TASK OBJECTIVE: The listing is to be transcribed in full, with its images left out.

MATERIAL PROVIDED:
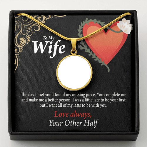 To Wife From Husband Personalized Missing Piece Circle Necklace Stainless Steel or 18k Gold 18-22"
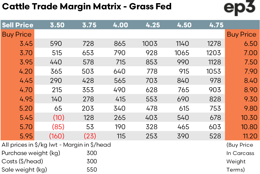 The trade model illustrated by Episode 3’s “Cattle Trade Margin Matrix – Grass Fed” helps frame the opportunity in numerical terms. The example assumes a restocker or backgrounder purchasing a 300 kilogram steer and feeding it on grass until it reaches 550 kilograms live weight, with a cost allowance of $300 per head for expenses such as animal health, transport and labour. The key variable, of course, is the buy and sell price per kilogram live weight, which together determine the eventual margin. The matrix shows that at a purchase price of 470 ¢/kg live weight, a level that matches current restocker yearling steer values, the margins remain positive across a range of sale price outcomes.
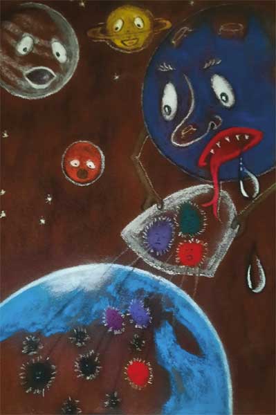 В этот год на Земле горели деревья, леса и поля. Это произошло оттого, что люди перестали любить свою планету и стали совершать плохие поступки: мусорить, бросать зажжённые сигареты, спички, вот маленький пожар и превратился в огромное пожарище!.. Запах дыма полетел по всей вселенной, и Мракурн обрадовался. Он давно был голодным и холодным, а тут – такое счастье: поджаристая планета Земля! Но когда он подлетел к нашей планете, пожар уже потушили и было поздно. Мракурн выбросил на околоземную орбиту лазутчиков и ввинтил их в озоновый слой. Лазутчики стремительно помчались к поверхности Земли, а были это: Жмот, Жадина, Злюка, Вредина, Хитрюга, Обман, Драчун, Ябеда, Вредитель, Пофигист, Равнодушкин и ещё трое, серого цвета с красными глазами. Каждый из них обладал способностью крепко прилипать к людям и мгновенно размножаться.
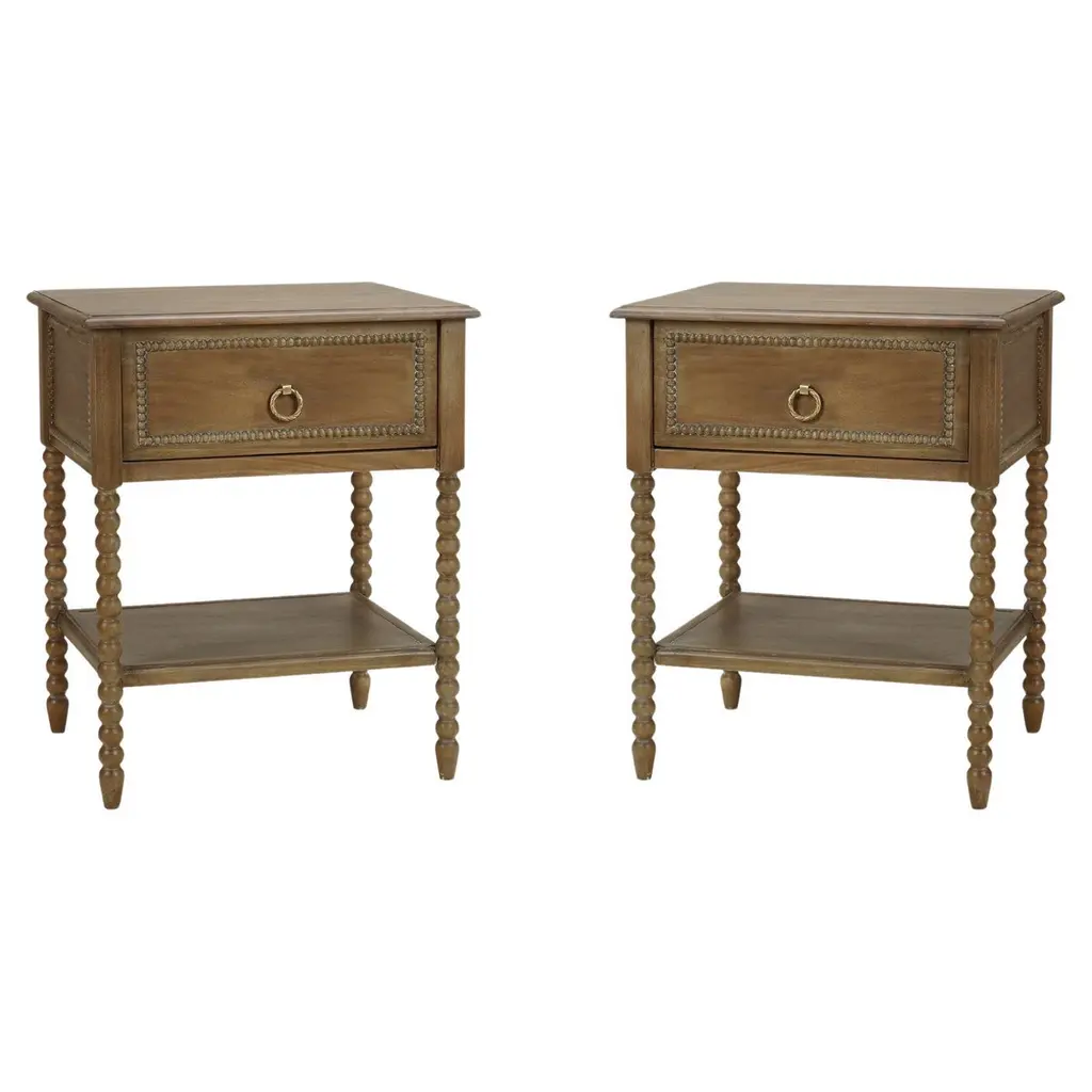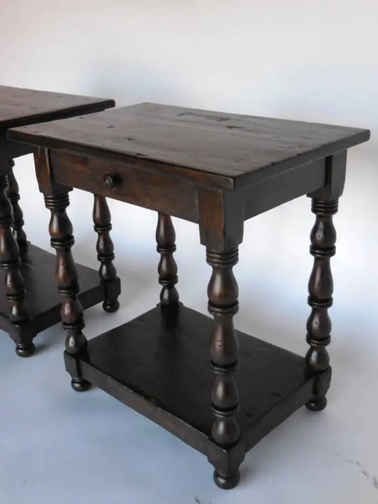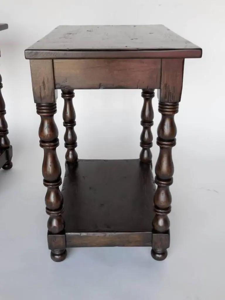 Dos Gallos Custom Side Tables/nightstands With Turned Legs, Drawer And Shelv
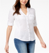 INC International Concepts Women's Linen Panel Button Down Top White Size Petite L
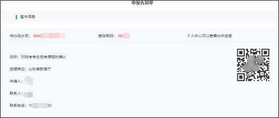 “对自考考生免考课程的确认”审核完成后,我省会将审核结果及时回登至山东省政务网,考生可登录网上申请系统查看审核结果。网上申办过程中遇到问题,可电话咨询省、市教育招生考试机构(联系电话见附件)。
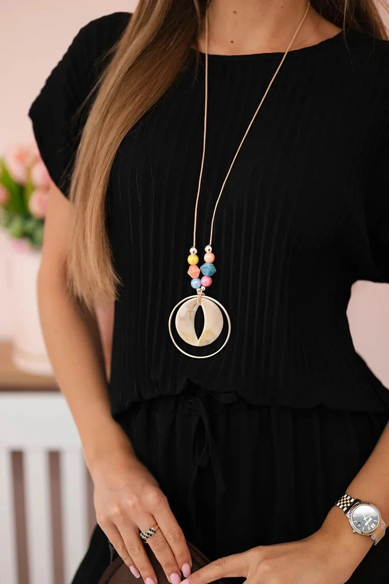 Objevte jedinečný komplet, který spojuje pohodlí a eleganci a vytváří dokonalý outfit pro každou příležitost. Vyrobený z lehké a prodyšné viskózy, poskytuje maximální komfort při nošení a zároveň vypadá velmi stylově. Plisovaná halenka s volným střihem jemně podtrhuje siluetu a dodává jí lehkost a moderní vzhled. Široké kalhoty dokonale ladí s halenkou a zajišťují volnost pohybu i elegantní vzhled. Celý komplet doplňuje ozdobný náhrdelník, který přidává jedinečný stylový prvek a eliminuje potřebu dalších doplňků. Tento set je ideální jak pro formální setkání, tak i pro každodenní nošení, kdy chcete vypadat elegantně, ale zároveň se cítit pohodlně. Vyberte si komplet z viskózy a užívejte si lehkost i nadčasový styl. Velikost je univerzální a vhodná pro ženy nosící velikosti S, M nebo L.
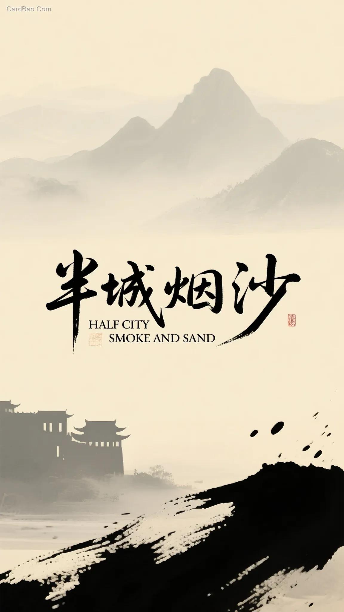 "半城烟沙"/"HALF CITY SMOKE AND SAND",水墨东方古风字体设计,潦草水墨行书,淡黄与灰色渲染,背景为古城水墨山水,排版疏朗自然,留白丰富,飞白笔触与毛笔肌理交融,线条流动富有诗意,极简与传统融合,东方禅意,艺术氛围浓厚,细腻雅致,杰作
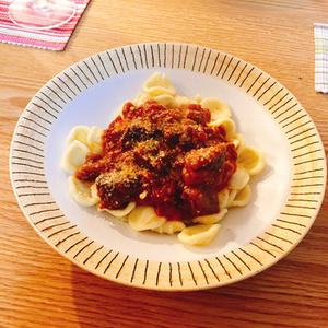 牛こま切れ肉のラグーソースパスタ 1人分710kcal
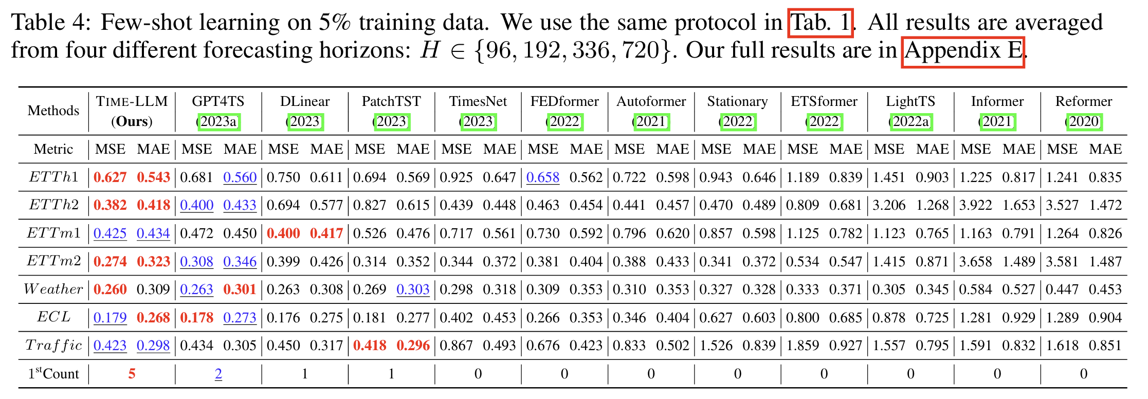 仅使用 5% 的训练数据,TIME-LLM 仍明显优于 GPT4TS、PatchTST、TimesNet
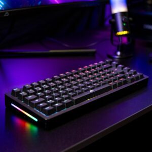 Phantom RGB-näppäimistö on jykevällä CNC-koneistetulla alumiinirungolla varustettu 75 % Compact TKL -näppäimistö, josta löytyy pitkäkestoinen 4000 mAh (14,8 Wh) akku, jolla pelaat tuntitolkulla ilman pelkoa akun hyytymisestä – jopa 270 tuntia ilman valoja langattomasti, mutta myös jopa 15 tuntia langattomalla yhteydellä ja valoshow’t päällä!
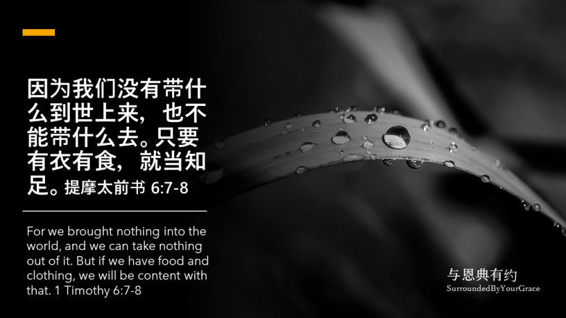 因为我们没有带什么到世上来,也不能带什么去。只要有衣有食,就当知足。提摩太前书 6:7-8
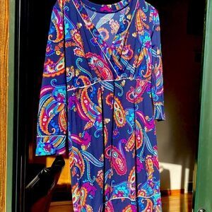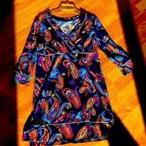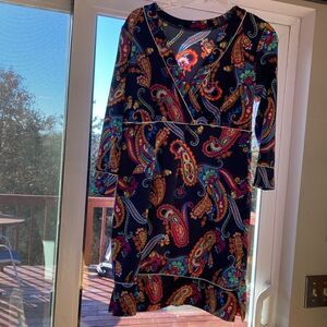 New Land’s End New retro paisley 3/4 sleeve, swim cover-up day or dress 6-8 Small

TASK SOLUTION:
 To Wife From Husband Personalized Missing Piece Circle Necklace Stainless Steel or 18k Gold 18-22"
 The trade model illustrated by Episode 3’s “Cattle Trade Margin Matrix – Grass Fed” helps frame the opportunity in numerical terms. The example assumes a restocker or backgrounder purchasing a 300 kilogram steer and feeding it on grass until it reaches 550 kilograms live weight, with a cost allowance of $300 per head for expenses such as animal health, transport and labour. The key variable, of course, is the buy and sell price per kilogram live weight, which together determine the eventual margin. The matrix shows that at a purchase price of 470 ¢/kg live weight, a level that matches current restocker yearling steer values, the margins remain positive across a range of sale price outcomes.
 В этот год на Земле горели деревья, леса и поля. Это произошло оттого, что люди перестали любить свою планету и стали совершать плохие поступки: мусорить, бросать зажжённые сигареты, спички, вот маленький пожар и превратился в огромное пожарище!.. Запах дыма полетел по всей вселенной, и Мракурн обрадовался. Он давно был голодным и холодным, а тут – такое счастье: поджаристая планета Земля! Но когда он подлетел к нашей планете, пожар уже потушили и было поздно. Мракурн выбросил на околоземную орбиту лазутчиков и ввинтил их в озоновый слой. Лазутчики стремительно помчались к поверхности Земли, а были это: Жмот, Жадина, Злюка, Вредина, Хитрюга, Обман, Драчун, Ябеда, Вредитель, Пофигист, Равнодушкин и ещё трое, серого цвета с красными глазами. Каждый из них обладал способностью крепко прилипать к людям и мгновенно размножаться.
 Dos Gallos Custom Side Tables/nightstands With Turned Legs, Drawer And Shelv
 INC International Concepts Women's Linen Panel Button Down Top White Size Petite L
 “对自考考生免考课程的确认”审核完成后,我省会将审核结果及时回登至山东省政务网,考生可登录网上申请系统查看审核结果。网上申办过程中遇到问题,可电话咨询省、市教育招生考试机构(联系电话见附件)。
 Objevte jedinečný komplet, který spojuje pohodlí a eleganci a vytváří dokonalý outfit pro každou příležitost. Vyrobený z lehké a prodyšné viskózy, poskytuje maximální komfort při nošení a zároveň vypadá velmi stylově. Plisovaná halenka s volným střihem jemně podtrhuje siluetu a dodává jí lehkost a moderní vzhled. Široké kalhoty dokonale ladí s halenkou a zajišťují volnost pohybu i elegantní vzhled. Celý komplet doplňuje ozdobný náhrdelník, který přidává jedinečný stylový prvek a eliminuje potřebu dalších doplňků. Tento set je ideální jak pro formální setkání, tak i pro každodenní nošení, kdy chcete vypadat elegantně, ale zároveň se cítit pohodlně. Vyberte si komplet z viskózy a užívejte si lehkost i nadčasový styl. Velikost je univerzální a vhodná pro ženy nosící velikosti S, M nebo L.
 "半城烟沙"/"HALF CITY SMOKE AND SAND",水墨东方古风字体设计,潦草水墨行书,淡黄与灰色渲染,背景为古城水墨山水,排版疏朗自然,留白丰富,飞白笔触与毛笔肌理交融,线条流动富有诗意,极简与传统融合,东方禅意,艺术氛围浓厚,细腻雅致,杰作
 牛こま切れ肉のラグーソースパスタ 1人分710kcal
 仅使用 5% 的训练数据,TIME-LLM 仍明显优于 GPT4TS、PatchTST、TimesNet
 Phantom RGB-näppäimistö on jykevällä CNC-koneistetulla alumiinirungolla varustettu 75 % Compact TKL -näppäimistö, josta löytyy pitkäkestoinen 4000 mAh (14,8 Wh) akku, jolla pelaat tuntitolkulla ilman pelkoa akun hyytymisestä – jopa 270 tuntia ilman valoja langattomasti, mutta myös jopa 15 tuntia langattomalla yhteydellä ja valoshow’t päällä!
 因为我们没有带什么到世上来,也不能带什么去。只要有衣有食,就当知足。提摩太前书 6:7-8
 New Land’s End New retro paisley 3/4 sleeve, swim cover-up day or dress 6-8 Small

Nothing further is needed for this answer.